第 1730 章 伸手拉开了车门
  说著话,张院长把手里的药包,递还给了站在一旁的钱进。
  钱进拿到失而復得的药包,一时间反而变得有些手足无措起来,他扭头看著我,眼神里带著一丝不確定,问道:李肆瞳,现在……怎么弄?!
  怎么弄?!我瞥了一眼毛红军那伤痕累累、触目惊心的小腿,心一横,牙一咬,抓过钱进手里的药包,紧张得手心直冒汗。
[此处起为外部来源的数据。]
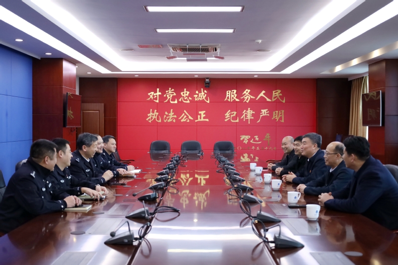 席海涛介绍了学校发展概况与校园安全工作成效,对武进公安的长期坚守与辛勤付出表示崇高敬意。他指出,我校与武进公安警校合作紧密、协同高效,联合打造“警校平安联盟”,共建“武进辅警学院”“金盾反诈”先锋宣讲团,不断健全校地联防联控机制,不仅为区域社会治理贡献了重要力量,更是校地双方共同践行正确政绩观的生动实践。学校将以现有合作成果为基石,持续深化协同共治,与武进公安携手以实干共创实绩,为打造更高水平平安校园、服务地方安全稳定发展贡献更大力量。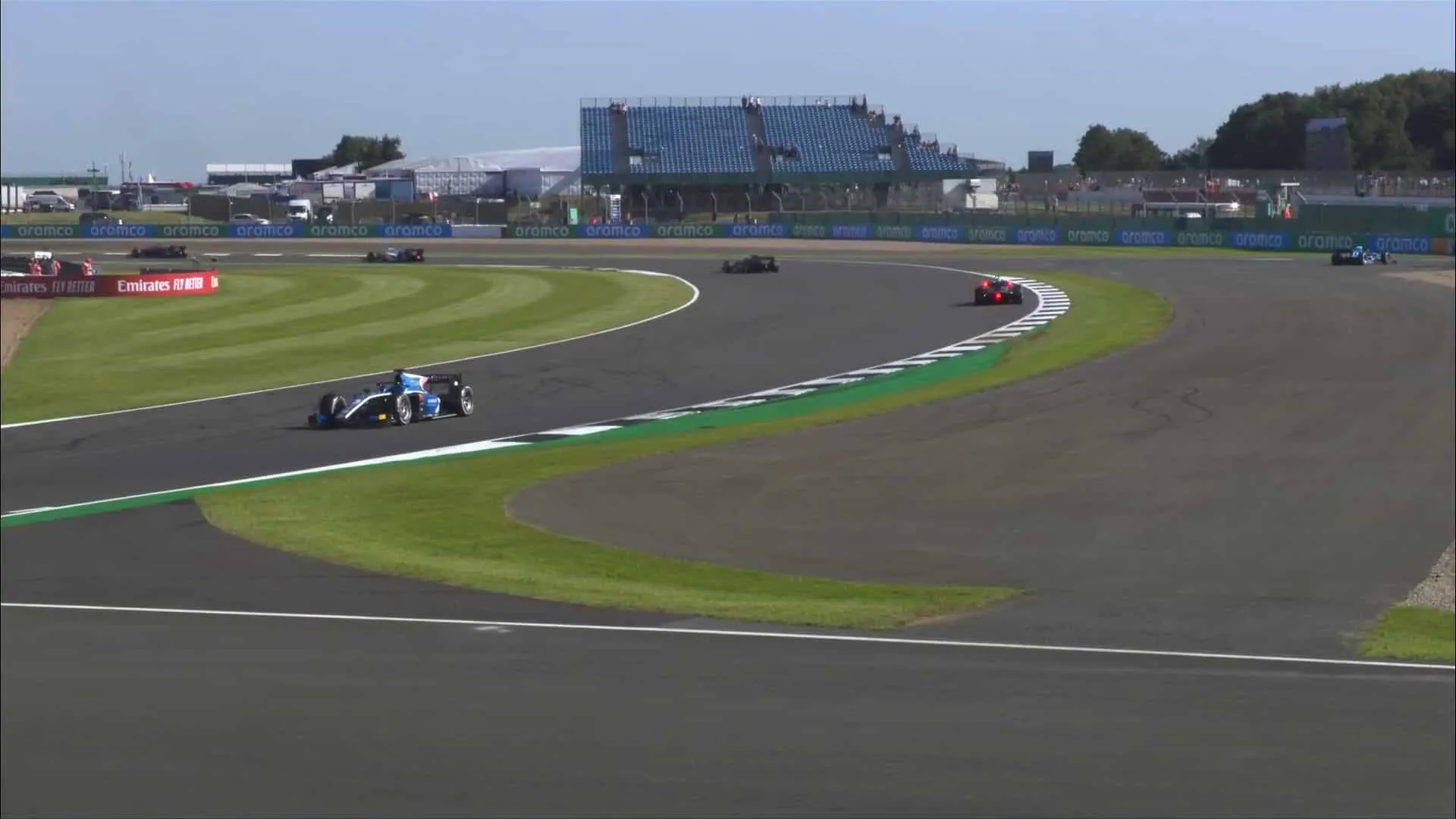 Les voitures dégagées, la safety car rentrée, les pilotes repartent à l’attaque au quatrième tour. Piastri se montre très en vue et va livrer une bataille exceptionnelle avec Lawson pour la sixième place. Ces derniers sont à deux de front dans les secteurs un et deux, sans jamais se toucher. Finalement, le Néo-Zélandais conserve sa position. Mais la fête n’est que de courte durée puisque Deledda part en tête-à-queue et sa monoplace est bloquée à la sortie de Copse. La voiture de sécurité est donc rappelée pour une seconde pige.

  我强忍著內心的强烈不適,双手不受控制地微微颤抖著,小心翼翼地把纸包里的白色药粉,儘可能均匀地,薄薄地,撒在了毛红军小腿的创面上。
  第一包药粉很快就被那不断渗出的血水吸附、稀释,慢慢地,在伤口表面形成了一层薄薄的血膜。
  当我打开第二包药粉,继续朝著伤口撒上去的时候,眾人都围在病床周围,屏住呼吸,鸦雀无声,紧张地观察著毛红军的反应。
  除了表面那层血膜变得有些乾涸之外,似乎那肌肉组织不断渗水的情况,也肉眼可见地减缓了!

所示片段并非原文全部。